9 janvier 1924 : quand la mer se soulève

Le littoral breton est habitué aux coups de vents, qu’il sait affronter stoïquement, résigné. Pourtant, en cette nuit du 8 au 9 janvier 1924, c’est un véritable raz-de-marée qui s’abat sur la façade Atlantique, de la pointe Saint-Mathieu à l’Espagne, pour reprendre le titre de L’Ouest-Eclair. Partout les dégâts sont considérables et à La Turballe, en Loire-Inférieure, on déplore même une victime, emportée par une lame. Au large, de nombreux navires sont en détresse ou en difficultés, certains envoyant même des SOS pour être secourus.

Les coups de vents sont habituels en Bretagne. Carte postale. Collection particulière.

C’est la zone comprise entre Penmarch et la Vendée qui est la plus touchée et partout les stigmates du coup de tabac sont visibles. Au port de Saint-Pierre, à Penmarch, plusieurs bateaux dérapent leur ancre et viennent se drosser contre les rochers. A Kérity, la digue est détruite par les lames et on ne compte plus les champs inondés, submergés par la mer. A Ouessant la situation est critique et l’on déplore plus de 100 000 francs de dégâts dans le port, pourtant habitué aux rudes conditions atmosphériques. A Lampaul, quinze navires de pêche sont perdus et huit autres gravement endommagés. Au Conquet la digue est gravement endommagée tandis que trois bateaux sombrent dans le port…

Plus au sud la situation est également dramatique. A Quiberon des maisons sont inondées tandis qu’à Batz-sur-Mer, la jetée est détruite sur une longueur de 25 mètres. Aux Sables d’Olonne, en Vendée, un navire sombre et avec lui six personnes disparaissent. Sur la côte basque, les dégâts son considérables et à Biarritz « toute la côte est saccagée ».

Carte postale. Collection particulière.

A Penmarch, dans le Finistère, le journaliste de L’Ouest-Eclair décrit « un vrai désastre » :

« Un spectacle lamentable s’offre à nos yeux. A la place des routes apparait une couche de sable de 20 centimètres, à laquelle se mêlent des galets, des épaves de toutes sortes, des engins de pêche, des instruments divers, des barriques, etc…. En face de l’usine Cassegrain, plusieurs barques obstruent le passage. Les environs de la gare et de l’Hôtel de Bretagne sont entourés d’eau. »

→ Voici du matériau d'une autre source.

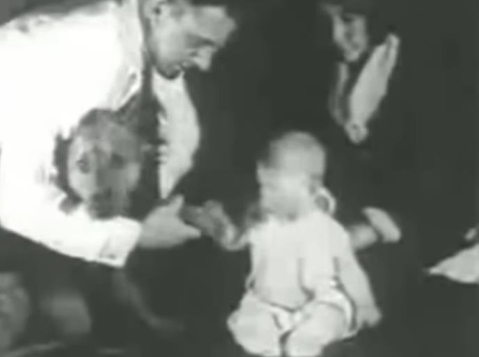 Snimak psihološkog eksperimenta „Mali Albert“ iz 1920. godine u kojem je beba uslovljavana da se plaši belog pacova (5).png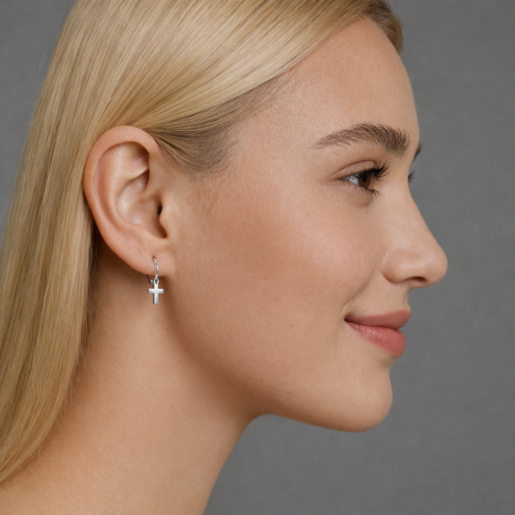 Cross jewellery has long symbolised faith, protection, and spiritual strength. These Cross Huggie Earrings feature a refined cross charm suspended from a comfortable huggie hoop, creating subtle movement and shine as the earrings catch the light.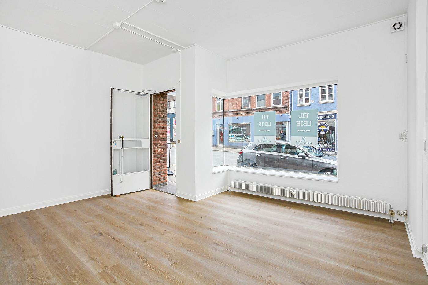 Lejemålet, som er på ca. 64 m², er beliggende tæt ved Torvet og hovedstrøget, Søndergade på en af Horsens mest trafikerede gader. Til lejemålet hører 17 m² kælderrum.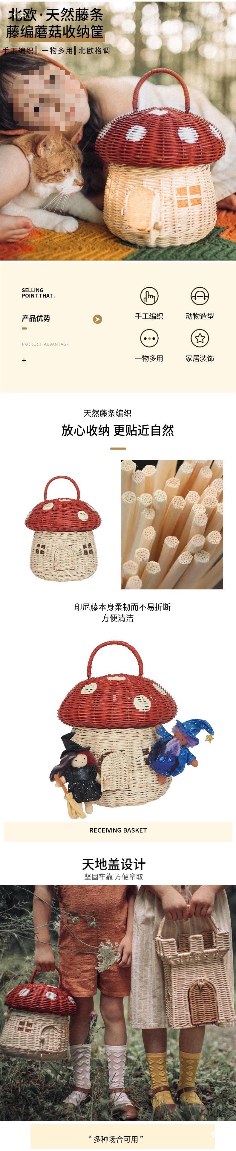 수제 등나무 버섯 모양의 보관 바구니, 어린이 사진 소품, 손 가방, 어린이 방 장식스토어 가기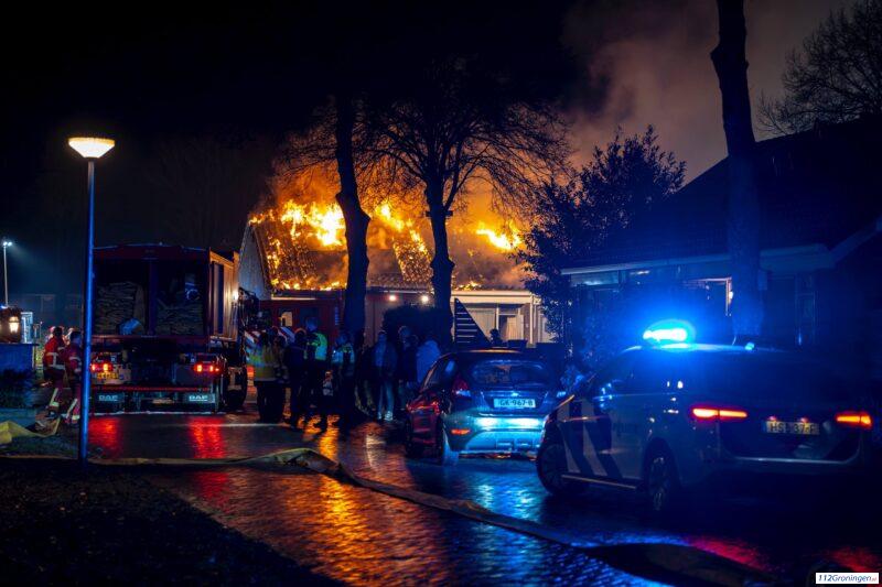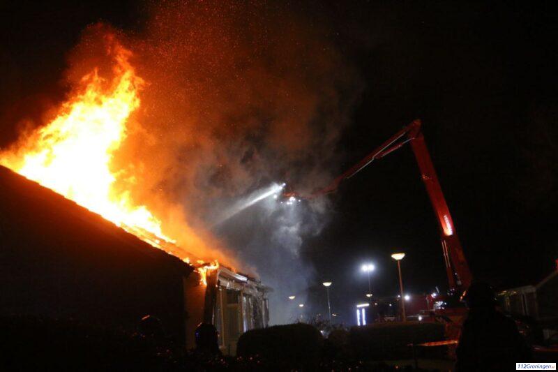 Grote brand verwoest woningen aan Lindelaan in Nieuwe Pekela (Video)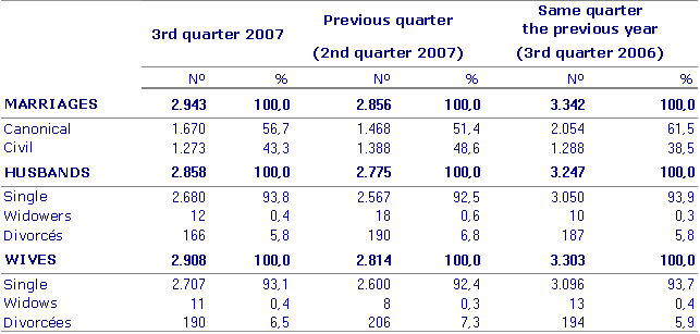 Fall in the number of marriages in the third quarter of 2007 as regards the same period of the previous year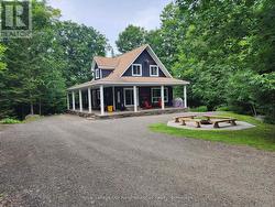 Welcome to 1042 Ski Ridge Trail.This 4 bedroom masterpiece offers convenient ski-in/ski-out access to Sir Sams Ski & Ride. Privately situated on 1.4 acres of pristine forest offering peace and tranquillity. The main floor consists of a stunning open concept kitchen/dining room combination and cozy living room along with 1 bedroom and 4-piece bath. 2nd floor consists of 3 additional bedrooms including primary bedroom and 3-piece bath. Fully finished basement offers additional living space, including recreation room, wet bar, games room and 3-piece bath. Basement walks out to beautiful patio and hot tub. Enjoy roaring fires out front and sip your favourite drink on the stunning covered custom stone wrap around porch. Enjoy relaxing evenings in the charming and spacious authentic wood burning outdoor sauna. Home is complete with multi-camera security system and EV fast charging station. Private, secondary driveway located on the back side of the property leading to endless possibilities. During the winter months, enjoy ski-in/ski-out access to the ski hill, double the fun with bike-in/bike-out access to the incredible bike trails during the rest of the year. There is never a dull moment here with Hiking, ATVing, snowmobiling and much more at your finger tips,, the possibilities are endless! 10 minute walk to a beautiful beach on Eagle Lake. (id:7525)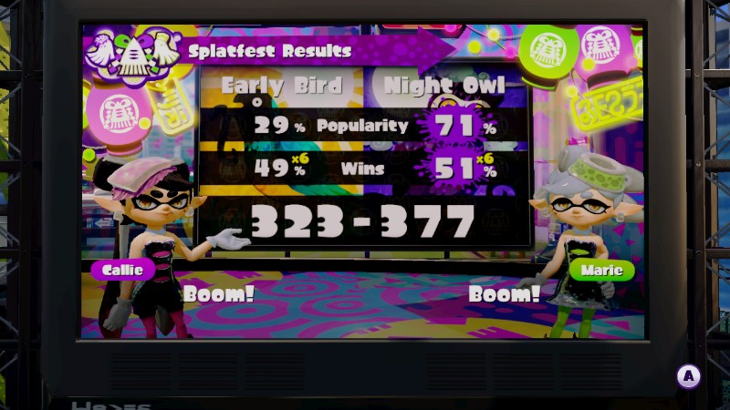 Following a day of intense battles, the latest North American Splatfest in Splatoon has ended. It’s now time to find out who prevailed: Team Early Bird or Team Night Owl.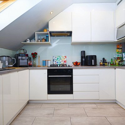Zabudowa kuchenna z piekarnikiem, lodówką , okapem, zmywarką .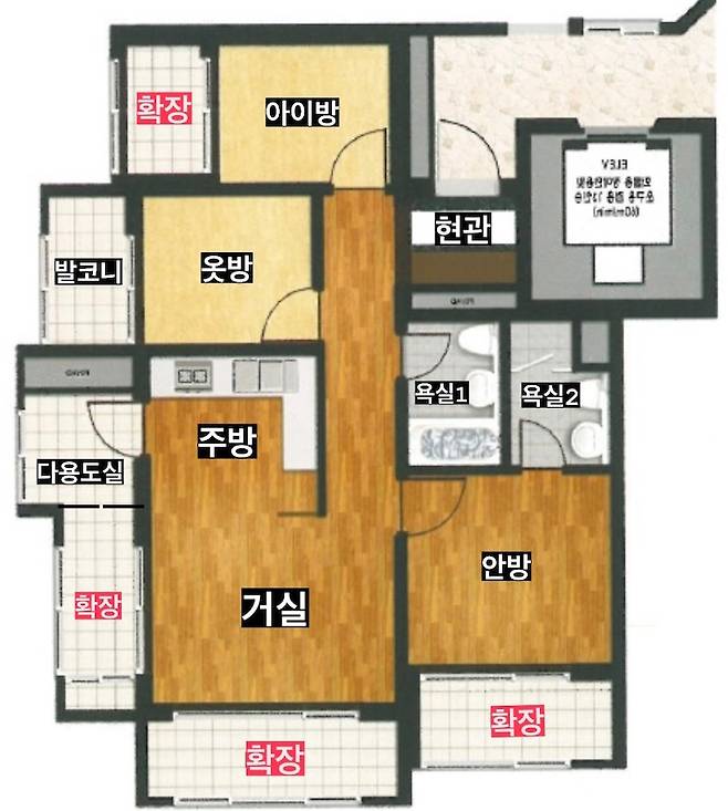 2008년에 지어진 25평 아파트예요~ 보통 보시는 판상형이 아닌 타워형 구조로 주방이 거실과 맞닿아 있고, 2bay 구조예요! 전 3bay 판상형을 주로 선호하였었는데, 살아보니 살림하기 은근 편한 구조 같아요! 거실 양쪽 베란다가 확장된 구조라 평면도 생각하면서 보면 더 이해하기 쉬울 거예요🙋♀️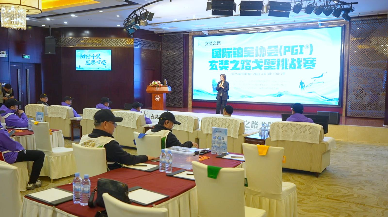 10月16日晚,“2025国际铂金协会X荟萃楼珠宝玄奘之路戈壁挑战赛赛”在敦煌举行点将出征仪式,三支参赛队伍依次登台接受“点将”,吹响戈壁挑战征程的号角。据了解,10月16日至20日,来自荟萃楼珠宝集团的30余位股东和管理团队参赛者将穿越戈壁古道、草原地貌,在108公里徒步中感悟丝路历史,重温玄奘精神。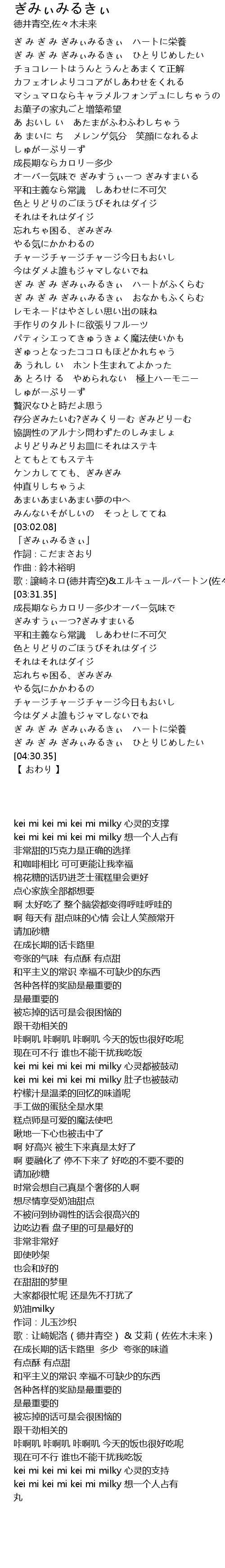 | [04:15.38] | ぎ み ぎ み ぎみぃみるきぃ ハートに栄養 |

Rapidement, cependant, une question se pose : s’il est normal que le temps soit peu clément en hiver, pourquoi cette tempête est-elle si violente, au point que la presse parle de raz-de-marée, de vents soufflant en cyclone et même de tsunami ? Comme cela est souvent le cas, c’est sans doute une combinaison de facteurs qui explique les ravages causés par ce coup de chien et tout particulièrement une dépression très creuse (713 millimètres relevés au large) alliée à une marée haute de fort coefficient. En revanche, l’hypothèse d’un tsunami est rapidement écartée, aucune secousse sismique sous-marine n’ayant pu être détectée.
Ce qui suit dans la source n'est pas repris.